Asynchronous rules, on the other hand, can be run independently; Devii will signal the process runner to start the processes, but will not wait for completion, and will return the mutation results immediately. Asynchronous process rules are suitable for longer-running "batch" work, where something needs to be done based on the data that has been added, updated, or removed, but the results are not needed immediately, and the mutation itself can be allowed to complete without the process being finished.
Devii consists of a set of core features, "Devii Core", with additional functionality available in "packages". Devii Core is responsible for the basic GraphQL schema generation, querying, and mutation, as well as handling of tenants, roles, role classes, and policy rules. It is Core that does the basic work of presenting the API for each tenant. Core also contains the parser and evaluator for the expression language used in query filtering and policy rules.
Beyond this, the following packages have been implemented, offering additional functionality:
Multimedia: Associates files stored in a backing file store with table records. At the GraphQL API layer, this appears as though the files are "stored on" the record; the files are presented for download using signed URLs. New file associations are similarly presented for upload as signed upload URLs. This is implemented using the Cloudstorage library. The backing file store can be a cloud storage system, such as Azure Blob Storage, Google Cloud Storage, Amazon S3, or it can be an on-premises file storage system.
Geospatial: Adds geospatial data types (geometry and geography) to those exposed via GraphQL and makes geospatial functions available for use in query filters. Geometry types are represented as sub-types on the record, with fields representing their attributes such as spatial reference identifier, geometry in OGC Well-Known Text format, centroid, and envelope (bounding box). Geospatial queries can make use of geospatial functions exposed in the API via a whitelist.
Geoimaging: Leverages capabilities of the multimedia and geospatial packages to allow rendering geospatial rasters, as well as performing image processing. This is implemented using the process rules engine.
Alerts: Allows for notifications to be sent out via email or SMS when changes occur to a given table. This is implemented using process rules.

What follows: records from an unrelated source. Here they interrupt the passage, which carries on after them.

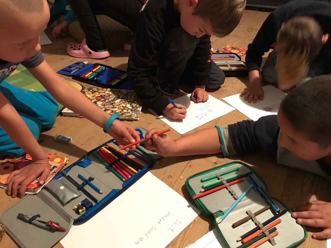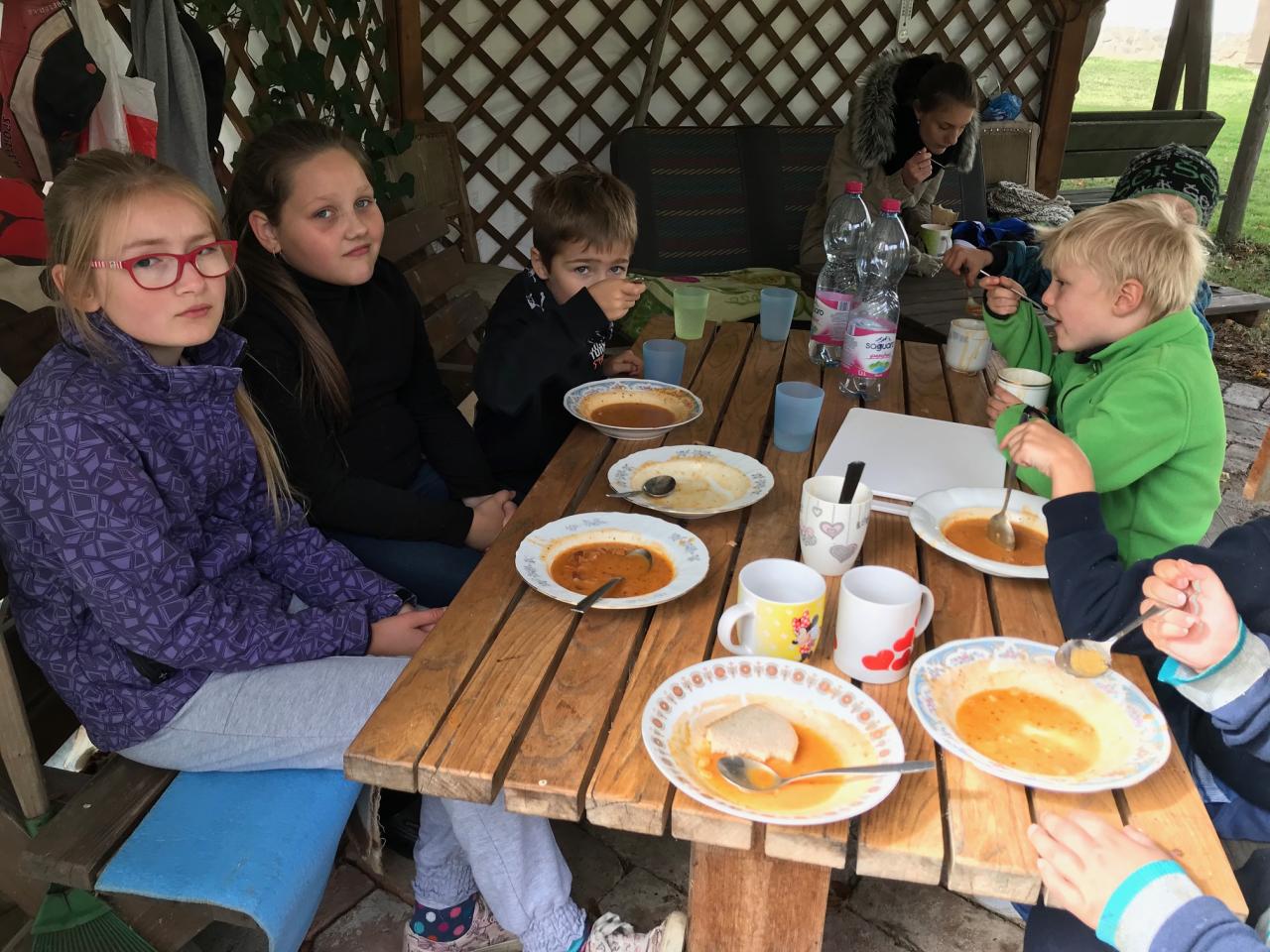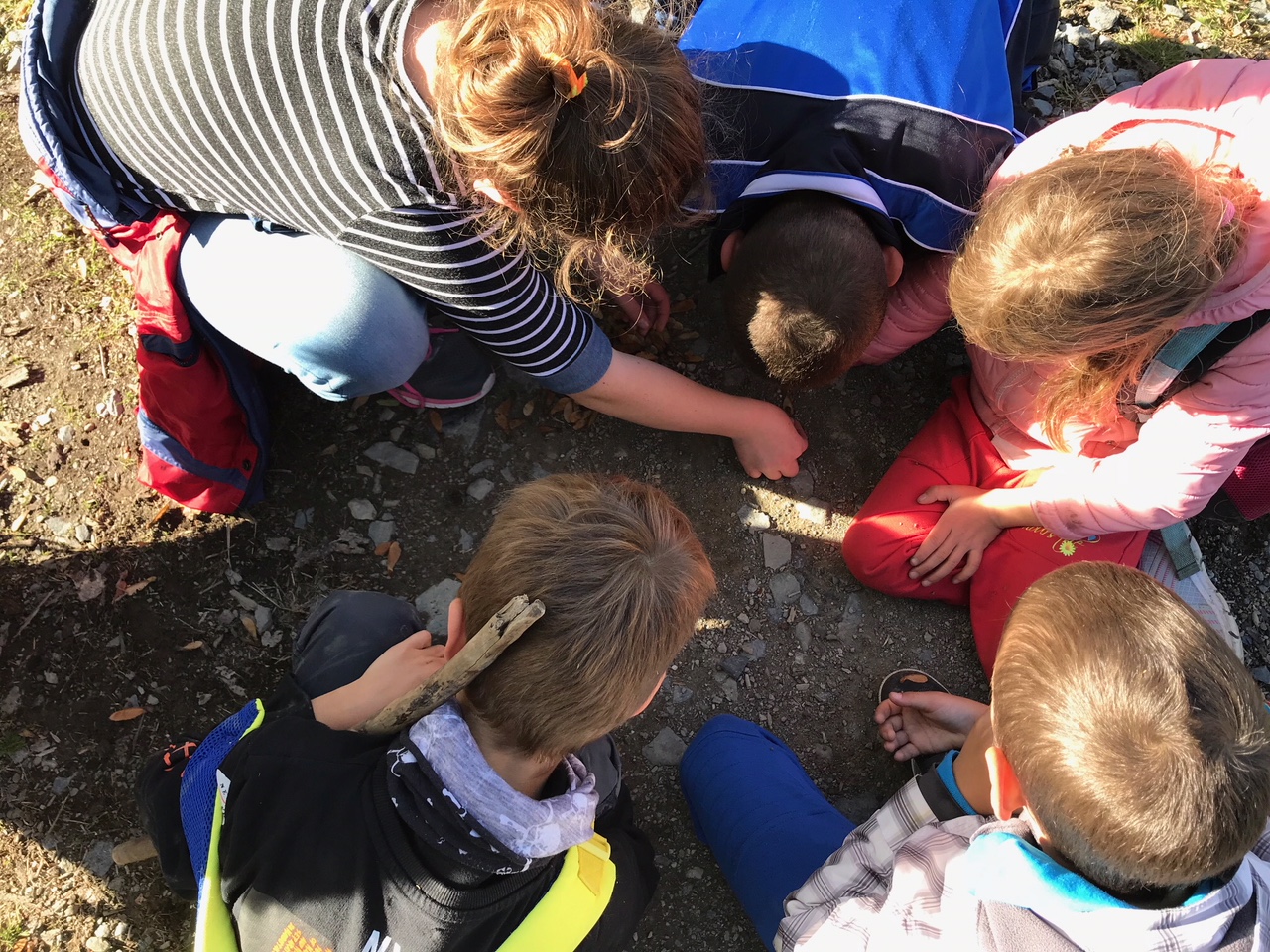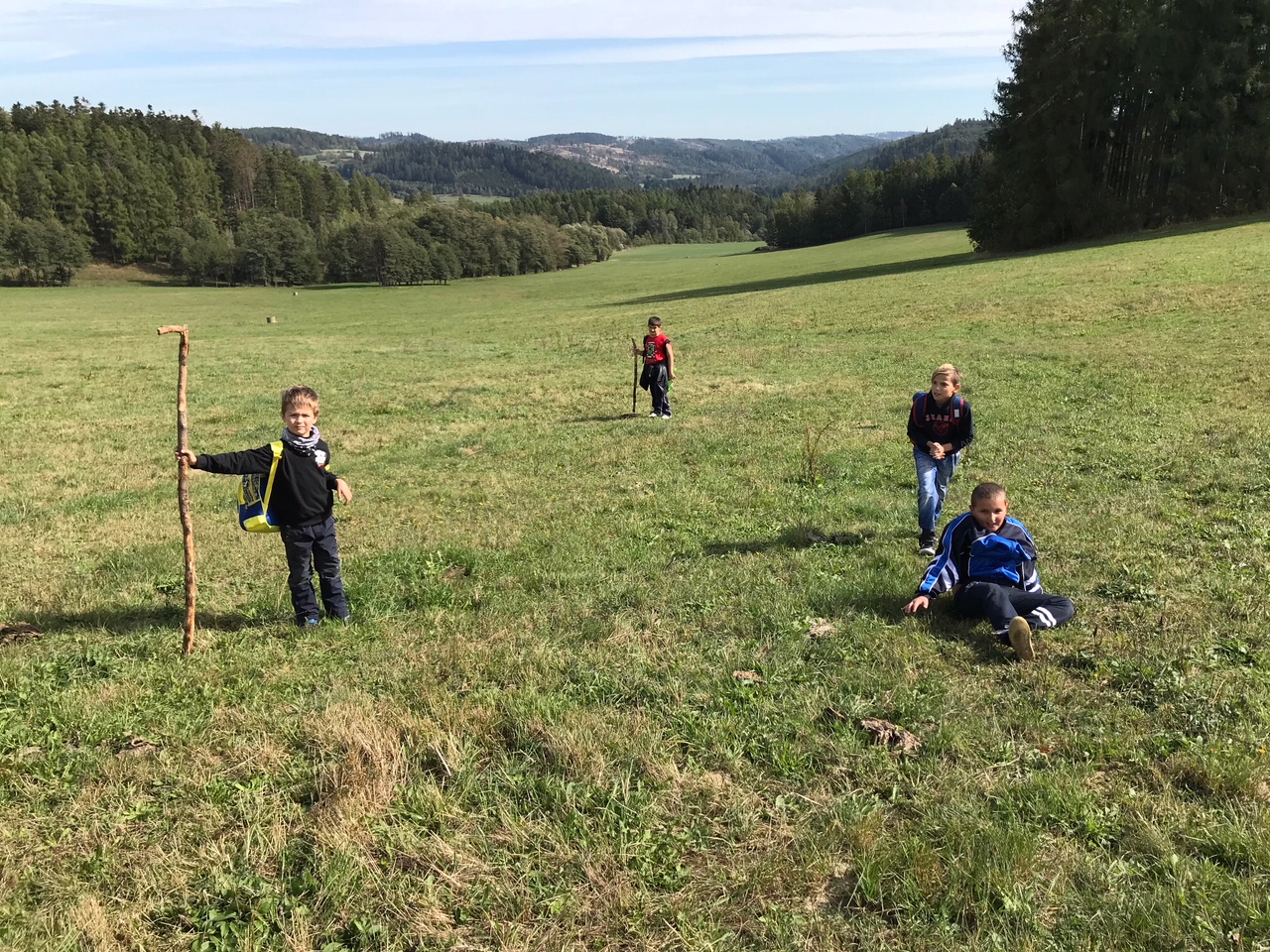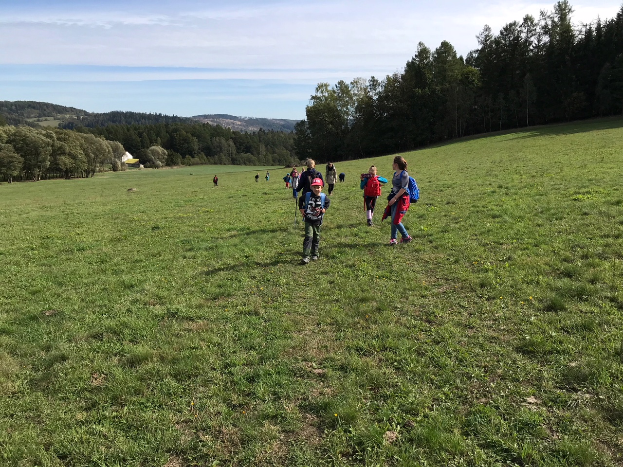 Počasí bylo baboletní a my stihli spoustu věcí: cestu vlakem a autobusem, procházku do kopce až k chalupě, výborný kotlíkový buřtguláš, pořádnou okružní túru kolem vrchu Špičáku, hru na slepé strážce, schovávanou po cestě lesem a stezku odvahy. Naučili jsme se, že při cestování si člověk musí dávat pozor na svá zavazadla, že žaludy mohou být zelené i hnědé, že každý strom se dá poznat podle listů, že změřit výšku stromu můžeme i bez toho, abychom na něj šplhali, a že když chceme stihnout autobus, je někdy potřeba i skočit přes potok. Děkujeme majitelům za možnost tohoto miniadapťáku a jejich laskavý servis.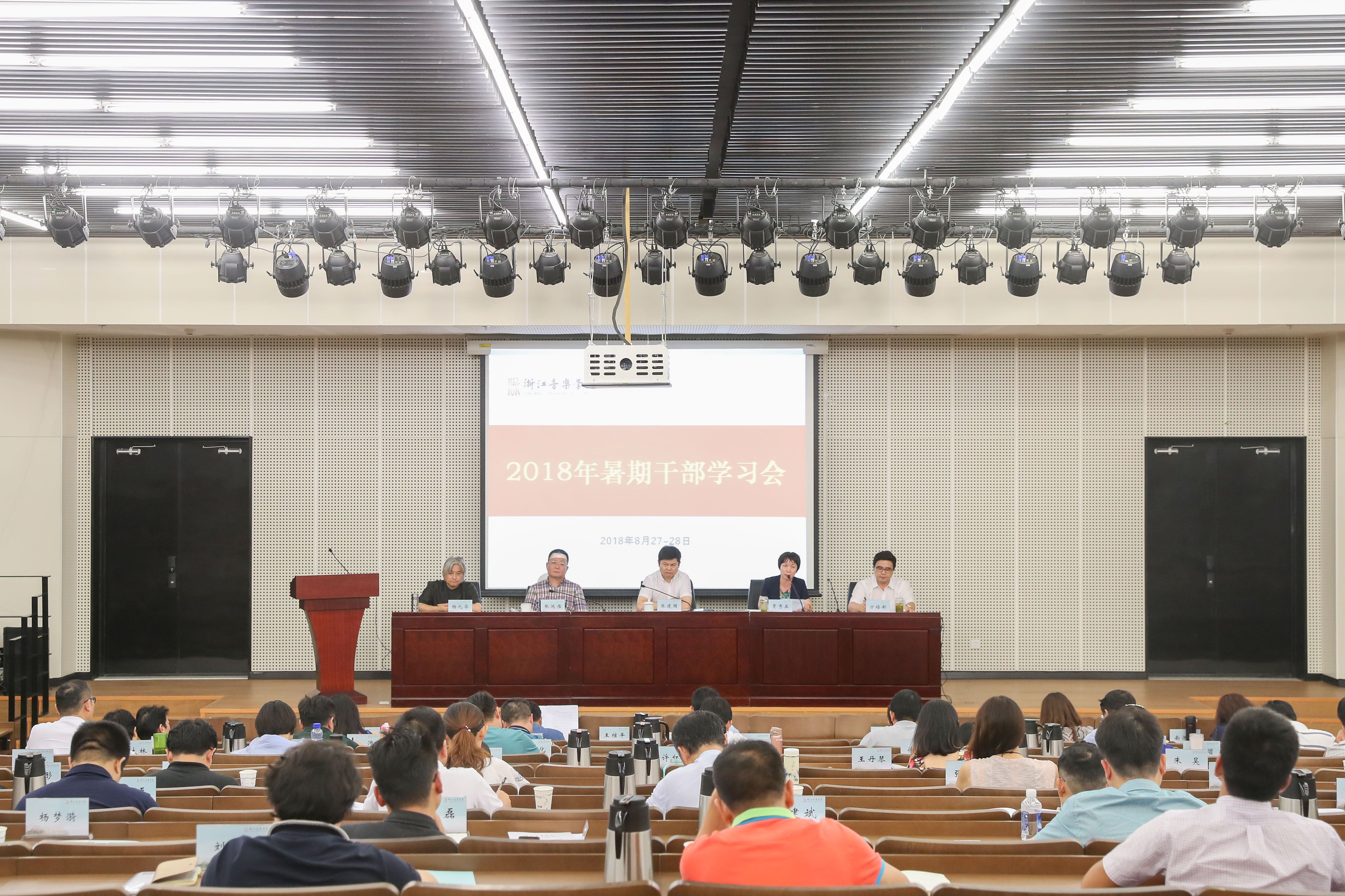 8月27日——28日,学院召开2018年暑期干部学习会。会议坚持以习近平新时代中国特色社会主义思想为指导,深入学习习近平总书记对浙江工作的重要指示精神和省委十四届三次会议精神,以“全面加强内涵建设 切实提高核心竞争力”为主题,紧紧围绕高水平一流音乐学院建设目标,聚焦学科建设、人才培养等重点工作,实现学院更快更好发展,进行了深入交流和专题研究部署。学院领导、全体中层干部、学术委员会成员、各系(部)教研室主任、高层次人才代表、科研创作平台负责人、民主党派负责人等120余人参加会议。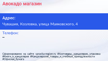 Авокадо, магазин по адресу Чувашия, Козловка, улица Маяковского, 4 в дальнейшем Организация, размещена в следующих категориях: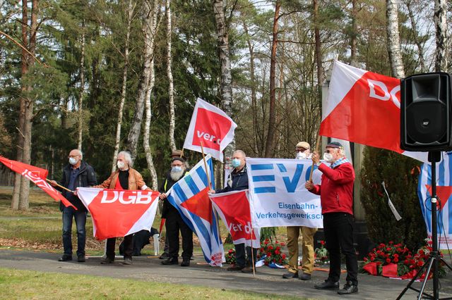 Als Vertreter des DGB N-O-Niedersachsen erinnerte Joachim Fährmann, Gewerkschaftssekretär der IG Metall Celle-Lüneburg, daran, dass die jungen sowjetischen Soldaten, die hier liegen, sicher auch hoffnungsvolle Pläne für ihr späteres Leben hatten. Ihm sei aber bei Besuchen in vielen Gedenkstätten aufgefallen, dass dazu im Gegensatz zu anderen Opfern überall geschwiegen werde.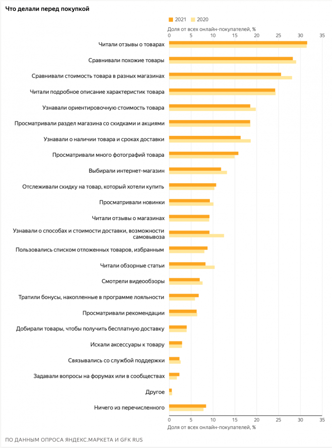 Среди действий, которые совершают перед покупкой, 32% респондентов назвали чтение отзывов, 28 % сравнивают похожие товары, а 26 % опрошенных изучают цены на них в разных магазинах.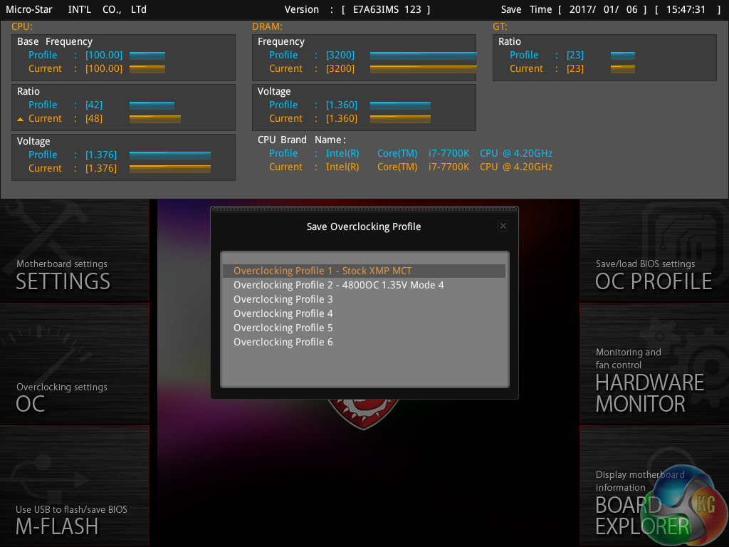 This tool is a superb graphical method of displaying how the system will change compared to its current state. It would be great to see MSI also roll this out to the more mundane OC Profile section. Either way, the graphical display is certainly a positive for MSI's UEFI over its competitors'.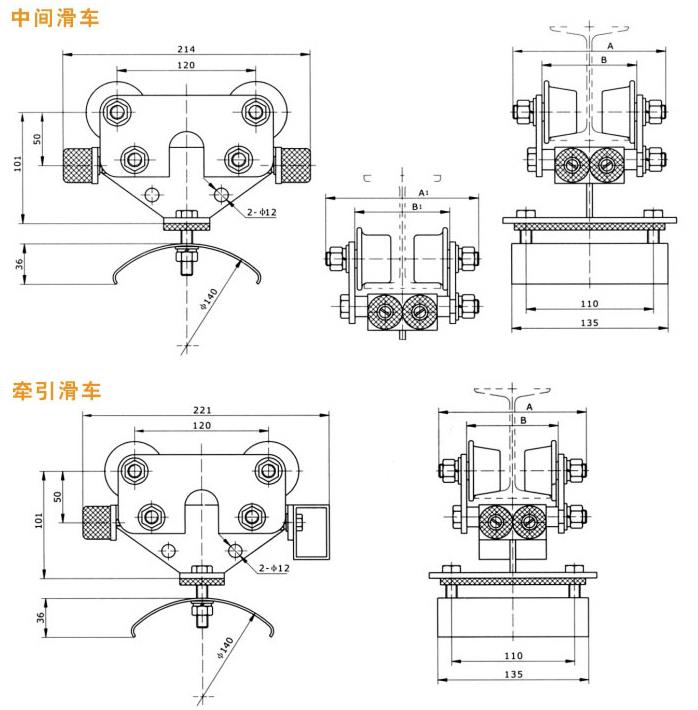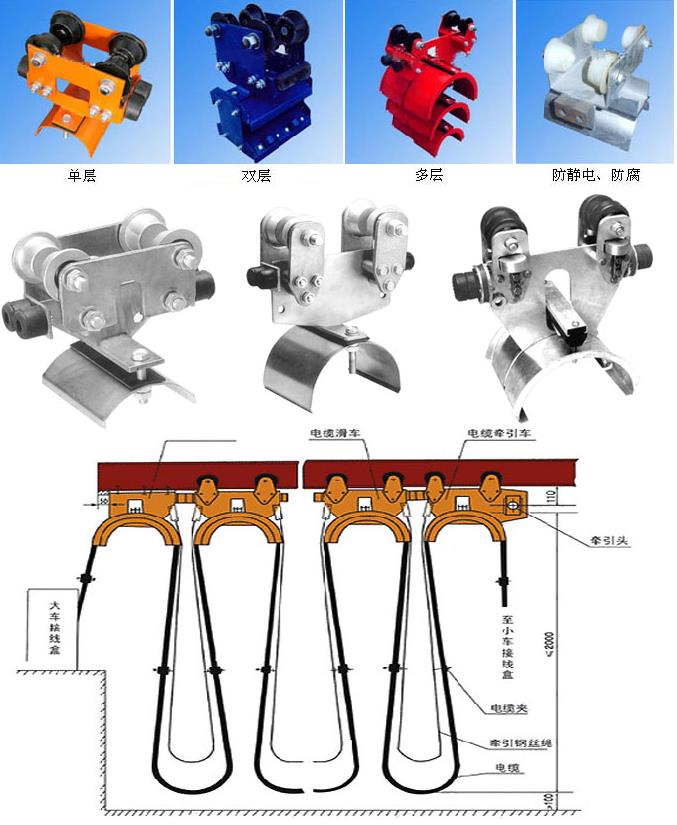 GHC系列工字鋼電纜滑車分為中載荷型、重載荷型、和輕載荷型,因此滑車走輪為Ф80、Ф63、Ф50的三種,承載能力≤50~150kg,每類按托板層數分為單層、雙層、三層,每類中有三種形式,首端為電纜牽引車,終端為固定掛線架,中間為電纜滑車。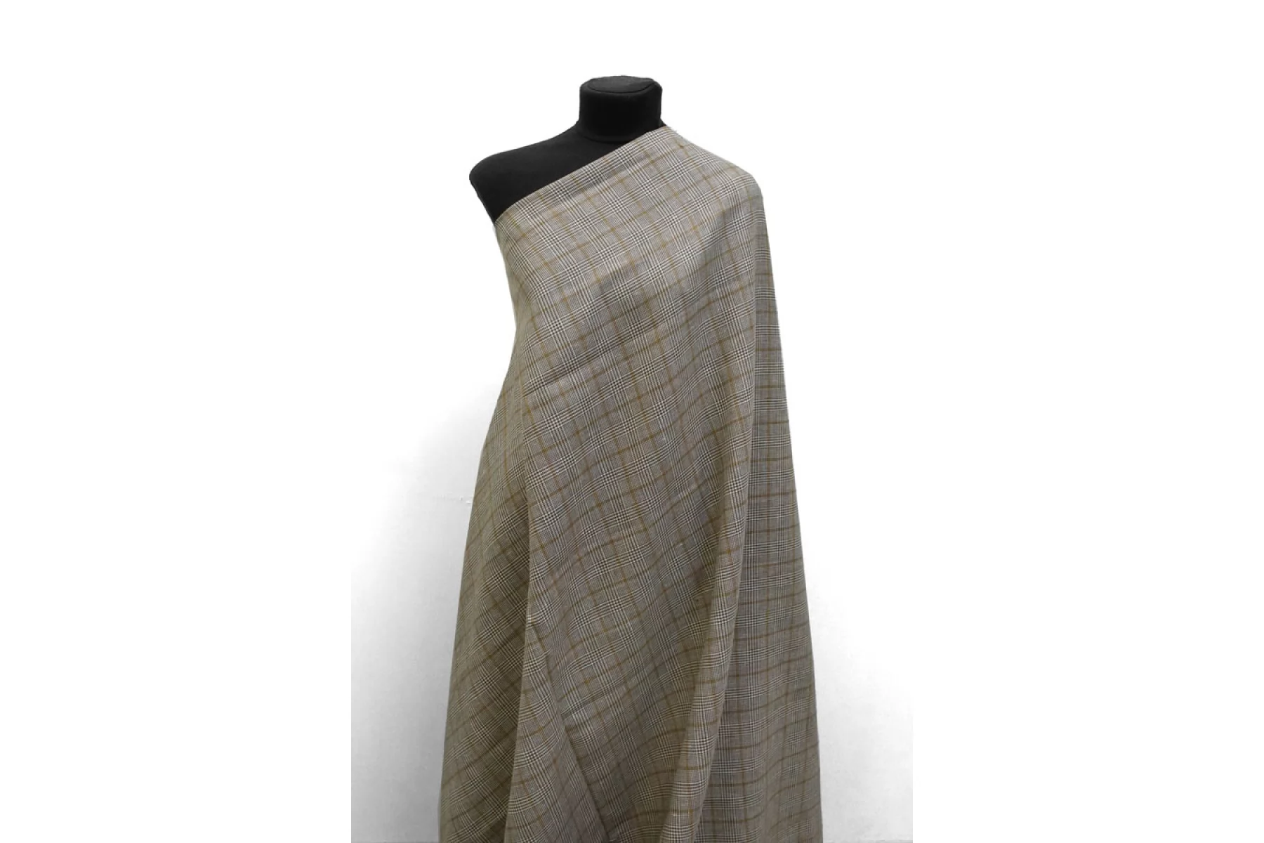 Твид костюмный лен с шерстью в клетку CERRUTI Коричнево-молочный BL H66/1 FF10 4092506

Financials: Allows for mutations to require payment via a payment gateway processor; our initial choice is the NMI-compatible API from BNG Holdings, Inc. The Financials package enables the purchase of content (database or file) via the Devii API, running credit card or electronic check transactions for purchases of physical goods for a point-of-sale system, as well as saving payment methods and setting up recurring subscriptions. This uses process rules.
Aggregate queries: Server-side aggregates can be called on tables or views, returning JSON results. The aggregates may be run on a filtered subset of a table, using the expression language to perform filtering, and may be grouped by other columns in the table. The exported aggregates are currently avg, count, max, min, and sum; other to be added later, as needed.
Function and procedure calls: Database functions which return values or sets, and stored procedures, may be exported through the GraphQL API, with access control provided by the policy rule engine. This allows for complex internal logic to be stored in the database and called externally, rather than requiring that logic to live in the application; any application that would make use of database functions can leverage this feature.
Analytics: OLAP-style query functionality. Window functions, grouping sets, ROLLUP, and CUBE will be available. This will be implemented using the function whitelist and extensions to the expression language syntax, as well as providing additional autogenerated fields on GraphQL types. This is a planned, but currently unscheduled, feature.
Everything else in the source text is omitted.